▶ [Exercise]: Exact reproduction is required for the lines below starting at the line with "--活动期间,可在活动界面购" and ending at the line with "2026年热门百分百能借到钱的网贷平台,概括5个无视黑户下款的口子", both included. No other lines, and no pictures.

Supplied records: Begin

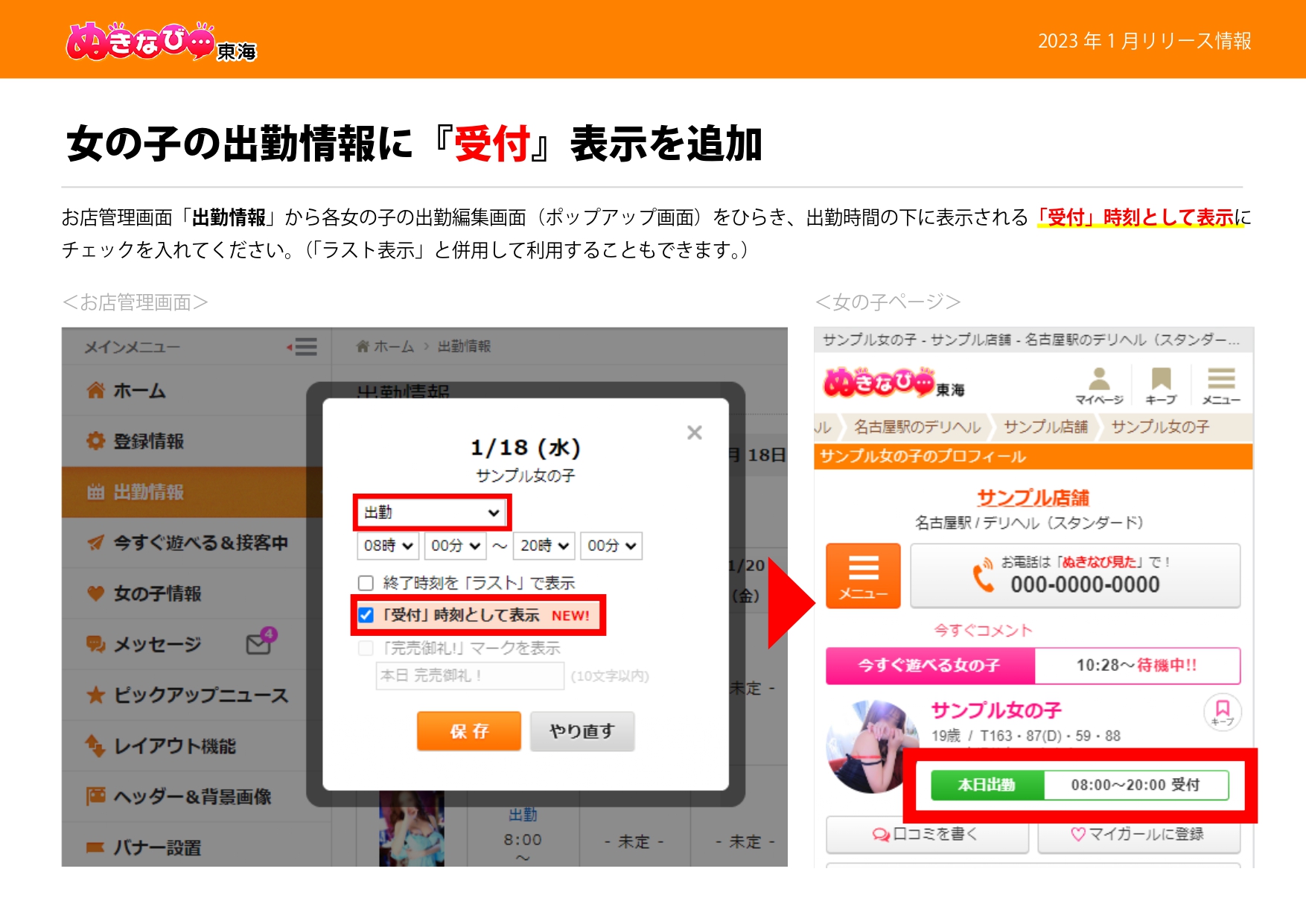 【ぬきなび東海】出勤情報の『受付』表示についてのお知らせ!
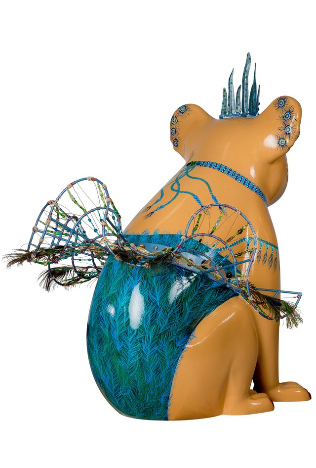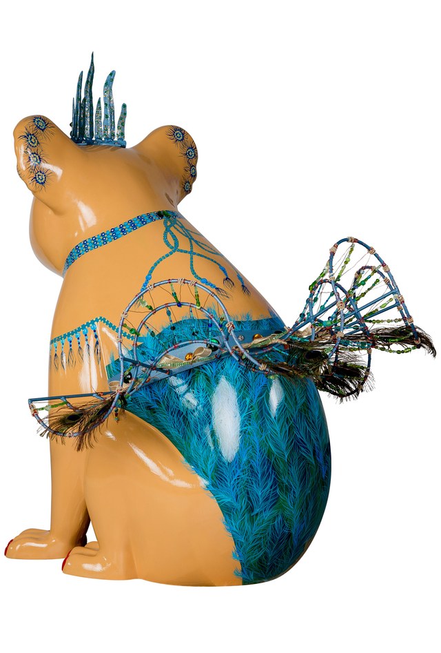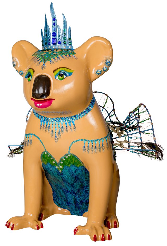 Lady Lola The Dancing Koala was created by Francessca with the contribution of local blacksmith Wayne Lewis (wayne.ironfist@gmall.com) who made the extravagant tutu and tiara, decorated with jewels and ostrich feathers.
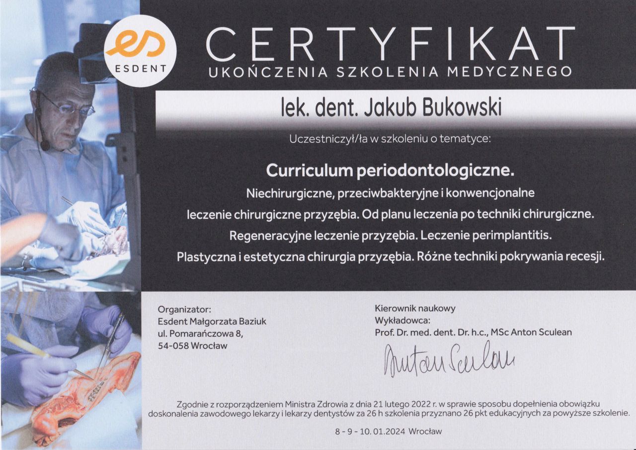 Jaki jest zakres porad oferowanych przez Jakub Bukowski?Jakub Bukowski to stomatolog, periodontolog. Na podstawie swojego doświadczenia i wykształcenia Jakub Bukowski oferuje usługi takie jak: Konsultacja periodontologiczna, Konsultacja periochirurgiczna, leczenie chorób błony śluzowej jamy ustnej, SRP (kiretaż), Konsultacja stomatologiczna.
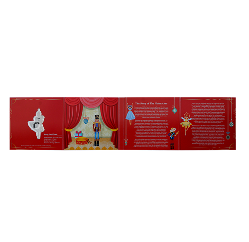 This second coin is shaped and coloured to resemble the ballet’s heroine, Clara, and is housed in a capsule that transforms it into a hanging ornament.
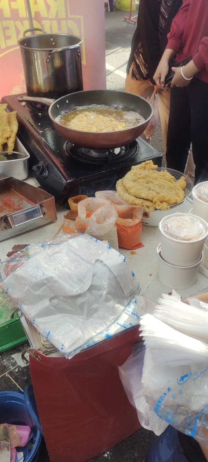The scene takes place at a street food stall in Sidoarjo, Indonesia, located at the coordinates -7.442 latitude and 112.705 longitude. A large pot of oil is heating on a portable stovetop, and a frying pan is submerged in the oil with a large fried food item in it. A stack of fried food is on a table in front of the stove, and there are several small containers of condiments and several plastic bags nearby. Three people are present, two women and a man. One of the women is standing beside the stovetop, the other is standing on the side of the table, and the man is sitting on the ground. There are also several other items on the table, including a small red box, a paper container, and a plastic bag. The ground is covered in dirt and the back of the image reveals a pink sign with black lettering that reads "KRAF CHICKEN". A white plastic bag is directly in front of the stovetop with "MANDIA" and "42" printed on it. A large plastic bag with "MANDIA" written on it is partially off-frame in the lower right of the image, and there is a stack of white paper towels partially visible. The food being prepared is being fried and sold in a street food stall in Sidoarjo, Indonesia.
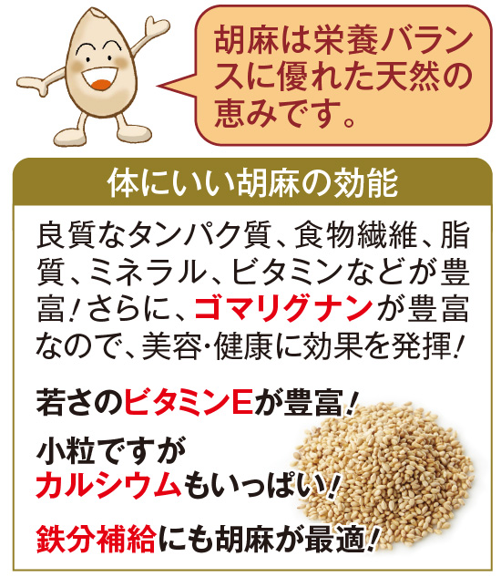 古くから不老長寿をかなえる食品として崇められてきた胡麻ですが、本格的な研究が始まったのはここ30年ほど。胡麻にしか含まれない特有成分「ゴマリグナン」が豊富。さらにたんぱく質、食物繊維、脂質、ミネラル、ビタミンと胡麻は総合栄養食。でも胡麻だけを食べるのはちょっと無理。そこでご紹介するのがこの胡麻フィッシュ。手軽におやつ感覚で胡麻の成分をまるごと摂ることができ、しかも瀬戸内近海で捕れた小魚を散りばめカルシウムをさらにプラス。ごまの健康効果を実感する摂取量の目安は1日に大さじ1~2杯、10~20gです。この 「胡麻フィッシュ」1個に約725粒の胡麻が入っていますので、1日5個程度お召しあがりいただくだけで必要な栄養を簡単に摂ることができます。健やかな毎日のため、ぜひ常備食としてご利用ください。
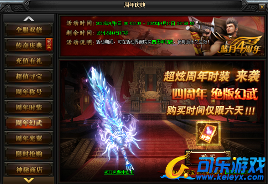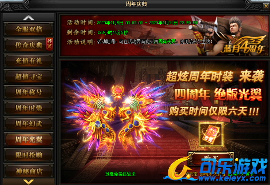 --活动期间,可在活动界面购买四周年光翼“梵焰流荧”,使用后获得永久属性和酷炫造型
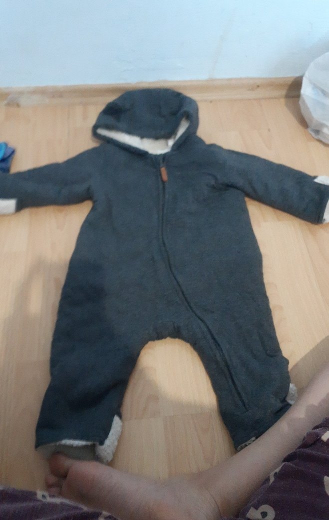 Kapüşonlu ve fermuarlı, yumuşak ve sıcak dokulu gri örgü bebek tulumu. Desensiz ve rahat kullanıma uygun.
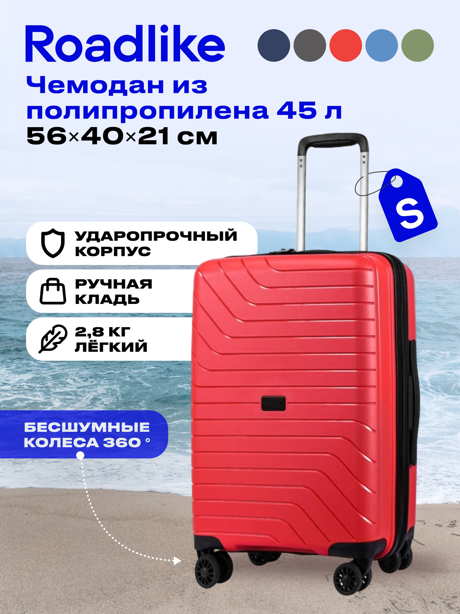Чемодан RoadLike Way S, Голубой .
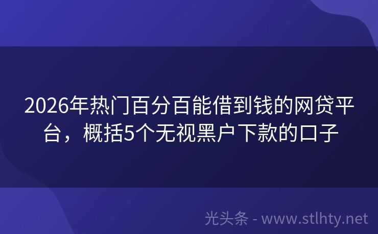2026年热门百分百能借到钱的网贷平台,概括5个无视黑户下款的口子
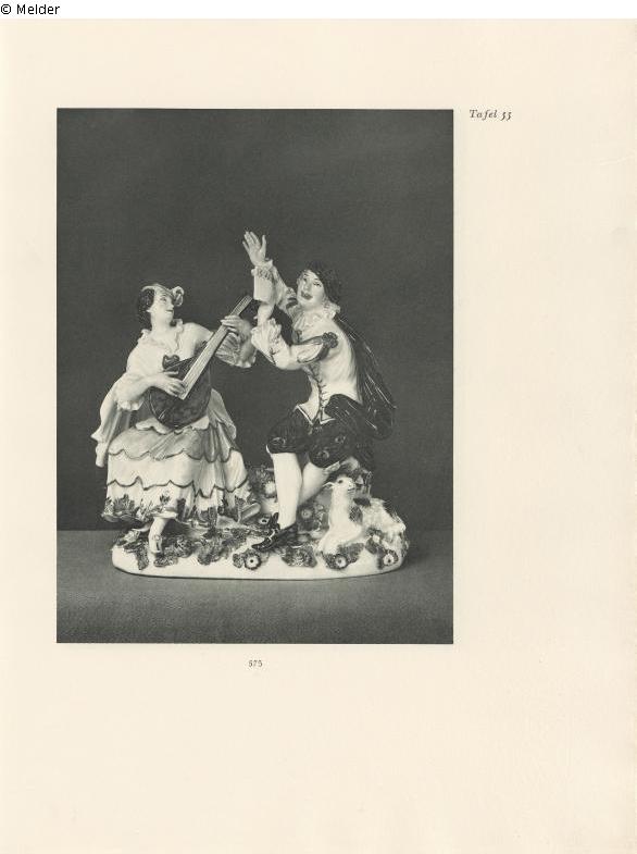 Schäfergruppe: Lautespielende Dame und singender Skaramuz
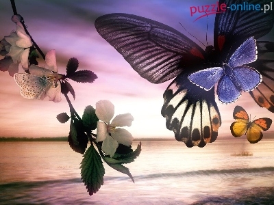 Puzzle Liść, Motyl, Morze

Supplied records: End

▶ [Solution]:
 --活动期间,可在活动界面购买四周年光翼“梵焰流荧”,使用后获得永久属性和酷炫造型
 Kapüşonlu ve fermuarlı, yumuşak ve sıcak dokulu gri örgü bebek tulumu. Desensiz ve rahat kullanıma uygun.
Чемодан RoadLike Way S, Голубой .
2026年热门百分百能借到钱的网贷平台,概括5个无视黑户下款的口子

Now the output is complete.